Josh Azzarella (born 1978, Ohio) is an artist based in New York, New York.

Education 
BFA, Myers School of Art, The University of Akron
MFA, Mason Gross School of the Arts, Rutgers University

Photography 

Azzarella's work reflects on moments in history such as the torture of Iraqi POWs in Abu Ghraib and the protest of a single man in Tienanmen Square against a column of tanks. Azzarella reworks these canonical images to omit the tragic, negative, or most disturbing aspect of these images. For example, a photograph of a smiling Lynndie England pointing to a prisoner forced to masturbate is altered to only contain the smiling soldier.

Video 
In 2011 Azzarella released Untitled #125 (Hickory), one of the longest-running experimental films at 120 hours. Untitled #125 (Hickory) is an art work created between 2009–2011. The work is based upon the 6 minute and 30-second section in the film The Wizard of Oz, from the moment the viewer sees the tornado until Dorothy meets Glinda the Good Witch. This work extends a moment of transformative transition (Dorothy's journey to Oz) to envelop what the artist believes is the entire time of her experience.

The parenthetical reference refers to a deleted scene from the film where the farmhand, Hickory, is working on a machine to ward off tornados.

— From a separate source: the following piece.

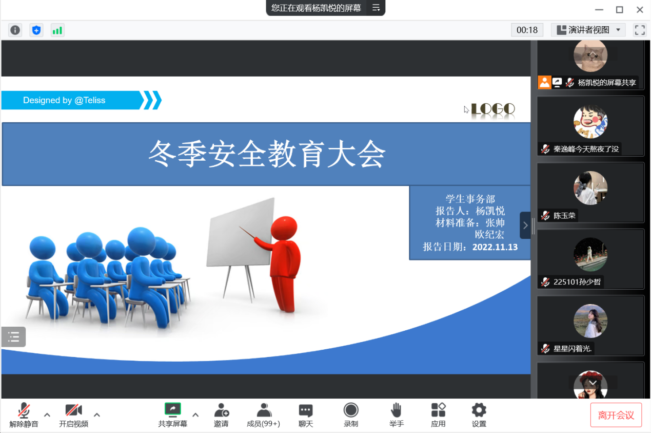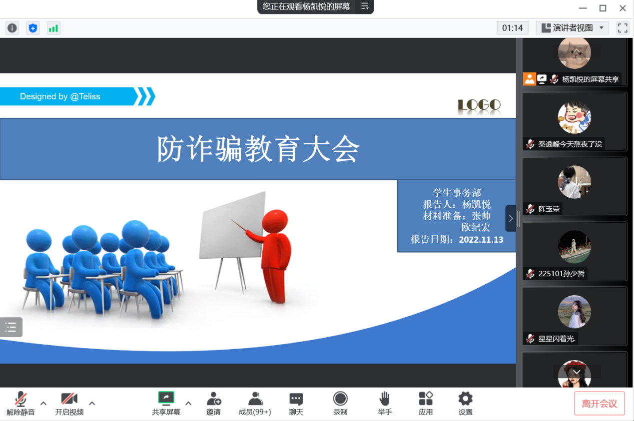 秋冬季节气候复杂多变,气温变化剧烈,诱发了诸多安全隐患。同时,随着网络的日益发达,诈骗活动日益猖獗,防疫防火防盗刻不容缓。为确保beat365学生人身财产安全,本着“预防为主”的原则,于11月13日下午以线上方式举办冬季安全教育、防诈骗教育和疫情防控教育三场主题大会,对防范冬季安全隐患和诈骗活动进行相关教育,就节假日离校注意事项进行提醒。beat36519级、20级和21级各班班长、团支书以及2022级全体学生参加此次会议。
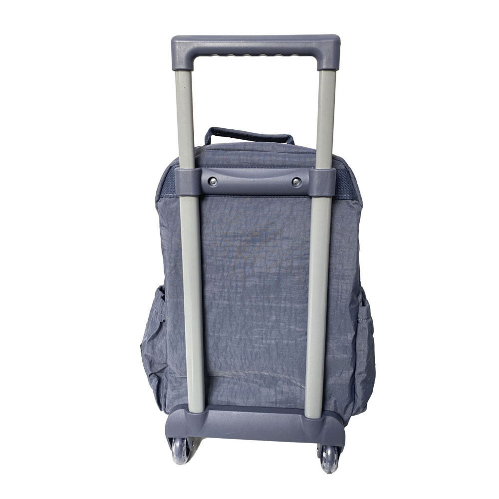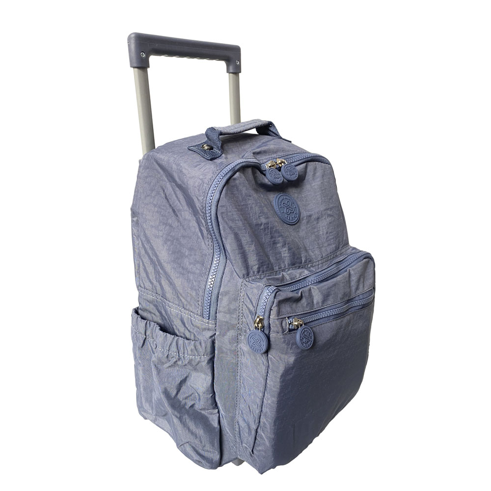 Mochila com Rodas produzida em material crinkle resistente . Possui 1 compartimento principal amplo com zíper, 2 bolsos frontais com zíper , 2 bolsos laterais, puxadores emborrachados personalizados. Alças acolchoadas com regulagem para maior conforto e versatilidade. Costas acolchoadas. Acompanha chaveiro de pelúcia.

In 2022 Azzarella released Untitled #175 (... hitting an all time low...) in the exhibition Triple Feature at the City Gallery Wellington, in Wellington, New Zealand. In the work Azzarella has removed all human, and animal, presence from Stanley Kubrick's 2001: A Space Odyssey.

Controversy 
In 2008 Azzarella was scheduled to be included in the exhibition The Aesthetics of Terror at the Chelsea Art Museum in New York City. The exhibition was cancelled by the museum. Azzarella's work was identified as part of the reason for cancellation as reported by Fox News. The museum board and director chose to cancel the exhibition as they felt "some of the works in the exhibition glorified terrorism".

Museum exhibitions 
The Aldrich Museum of Contemporary Art, CT.
The Akron Art Museum, OH.
San Jose Museum of Art, CA.
Indianapolis Museum of Contemporary Art, IN.
Zimmerli Museum of Fine Art at Rutgers University, NJ.
Montclair Art Museum, NJ.
Torrence Art Museum, CA.
UNLV Barrick Museum of Art, NV.
University Museum California State Long Beach, CA.

References 

 FOX News.com  – New York Museum Cancels Terror Exhibition After Controversy 
 The Brooklyn Rail  – Josh Azzarella and Fresh Kills 
 The New Yorker – Short List 
 Interview with the Artist

External links 
Artist website

Fox News article on The Aesthetics of Terror exhibition.

1978 births
Living people
Artists from Akron, Ohio
American photographers
American video artists
Date of birth missing (living people)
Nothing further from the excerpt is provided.